We began to look into this concept of ‘substituted parenting’. We tried to find out where it came from, what level of support was considered to tip the balance from acceptable to unacceptable, whether costs and timescales were factors. We checked the literature, and we asked the academics and practitioners. We couldn’t find the information. ‘Good question’, they said.
We scrutinised published judgments, looking for mention of any analysis of the risk that the proposed support would amount to substituted parenting, and any options considered to address/reduce/eliminate that risk. We couldn’t find that either.
This project started 1st November 2021 and runs until April 2023. The timing couldn’t be better for us as the President of the Family Division, Sir Andrew McFarlane, has just released his report on the need for greater transparency in the Family Court: Confidence and Confidentiality: Transparency in the Family Courts and has confirmed that transparency will be a key priority for him over the next three years:
‘… it is legitimate for the public to know of these judgments [family court cases], to provide a basis for trust in the soundness of the court’s approach and its decisions, or to establish a ground for concern in that regard.’

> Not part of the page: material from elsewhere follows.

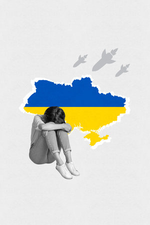 Painting template collage of scared nervous lady crying struggle every night air raid missile attack from russia pray ukraine concept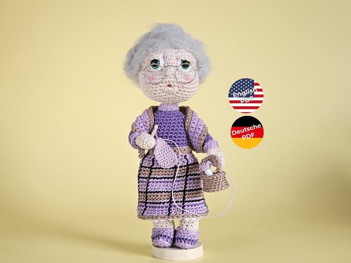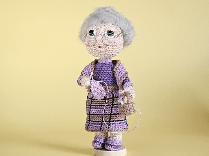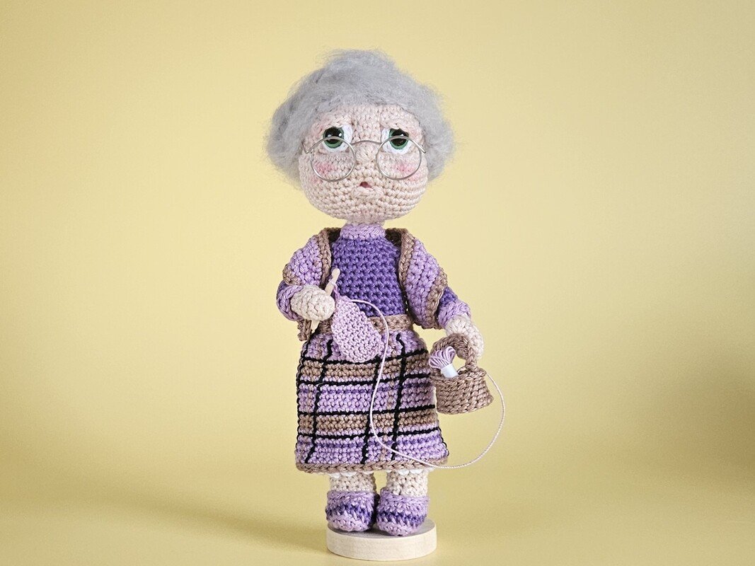 Oma Gerda strahlt Ruhe und Behaglichkeit aus – die perfekte Häkel-Oma, die Freude am Handarbeiten verkörpert.

’It is the case that the Family Court is currently not sufficiently transparent even to those, in particular the judges and the social work professionals, who are working within it. Educational opportunities are thereby being missed.’
Since the family courts are not open to the public, we depend on published judgments for finding out how care proceedings involving parents with learning disabilities are in fact being dealt with. Any move towards greater transparency, in terms of the number of judgments published and the level of information contained within them, can only lead to better and more consistent practices and thereby improved confidence in the fairness of the family justice system.
We very much look forward to speaking with the social workers, lawyers and judges involved in working with parents with learning disabilities in the care proceedings context. We look forward to being able to highlight good practices found in the course of the study and to establishing consensus, clarity, and consistency as to the meaning of the term ‘substituted parenting’, and transparency as to its application by the family courts.
We particularly look forward to working with our Advisory Group of parents with learning disabilities. They will help to ensure that the findings of our study can be made widely available to parents with learning disabilities and in such a way that parents will be able to understand what is meant by the risk of support being considered to be ‘substituted parenting’, the significance of such a risk and, most importantly, how to avert that risk, where possible.
Because, in the much-quoted words of Baroness Hale in a landmark adoption case, “nothing else will do”.